Aside from this, there was a strange idea -- an idea more than a sensation -- that there was something unusual about the surface of my body, that I was "prickly" or "covered with moss" or "bristling with triangles" (some of the phrases that came to mind at the time). I experienced no hallucinations in the strict sense, but I did have unusually vivid mental imagery, somewhat reminiscent of the abstract art of Stanslaw Kors. I was quite sleepy throughout the trance period, and when I slept I had "deep" dreams -- that kind where you wake up feeling as if you've been underwater -- of which I remember very little. I remember that the dreams were entirely in Latin, often with a disembodied "running commentary" in that language, and that at one point I had a conversation with a mantis shrimp, which also spoke Latin. (I had never dreamed in Latin before, nor have I since.)

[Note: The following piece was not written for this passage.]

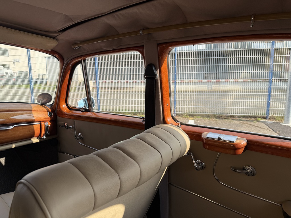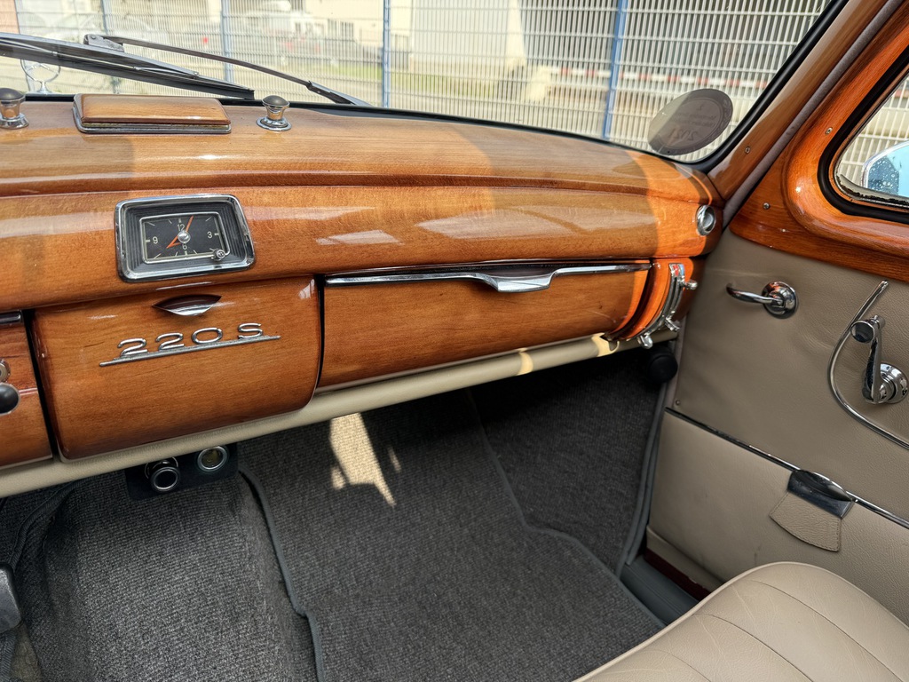 Neben seinem überzeugend ruhig laufenden Motor besticht der 220 S mit seiner gehobenen Innenausstattung, die neben diversen zeitgemäßen Details eine wunderschöne Holzausstattung bietet. Der hier angebotene Ponton gelangte 1957 in der Erstauslieferung nach Frankreich und fand später den Weg zurück nach Deutschland, wo er einer umfassenden Restaurierung unterzogen wurde, sodass neben der Karosserie auch der Innenraum sich bestens präsentiert. Die Holzausstattung glänzt neben neuer Innenausstattung. Als Schmankerl besitzt der 220 S eine CD-Anlage mit Zusatzlautsprecher, natürlich entsprechend versteckt. Sicherlich eine Besonderheit stellt das Originalfaltschiebedach dar, dass das Fahrzeug fast zu einem Cabrioflair bei vollständiger Öffnung verhilft.

After the effects of the nutmeg had worn off, I tried to find out more about it. Apparently nutmeg is classified as a "deliriant," alongside such drugs as datura, hensbane, deadly nightshade, and -- quelle coïncidence! -- mandrake.

My experience was not at all pleasant or mind-expanding, and I do not recommend it to anyone.


I remember that as a child I read a lot of different books -- all oldish, 19th century or so -- about people surviving on desert islands. I understand that many such books were written after Robinson Crusoe -- a whole genre called the robinsonade -- but I can't name any of them. There was Robinson Crusoe itself, The Swiss Family Robinson, and -- what else? I remember I read a lot of them. Searching the Internet for lists of robinsonades, I only turn up such works as Treasure Island and Lord of the Flies, which are not at all the sort of thing I have in mind. Anyway, in one of those books I read, the protagonists encountered a bird behaving strangely, as if intoxicated, and then discovered that it had been eating nutmegs. This was my first exposure to the idea that nutmeg could be intoxicating. Before reading that book, I had read something -- it may have been Tau Zero by Poul Anderson -- that mentioned people getting drunk on eggnog, and I had inferred from that that some forms of eggnog were alcoholic. (As a Mormon, I knew only the non-alcoholic version.) After reading the robinsonade, though, I decided it must have been the nutmeg that made them drunk. Only much later, I think not until my early teens, did I learn that I had been right the first time and that eggnog is typically an alcoholic drink.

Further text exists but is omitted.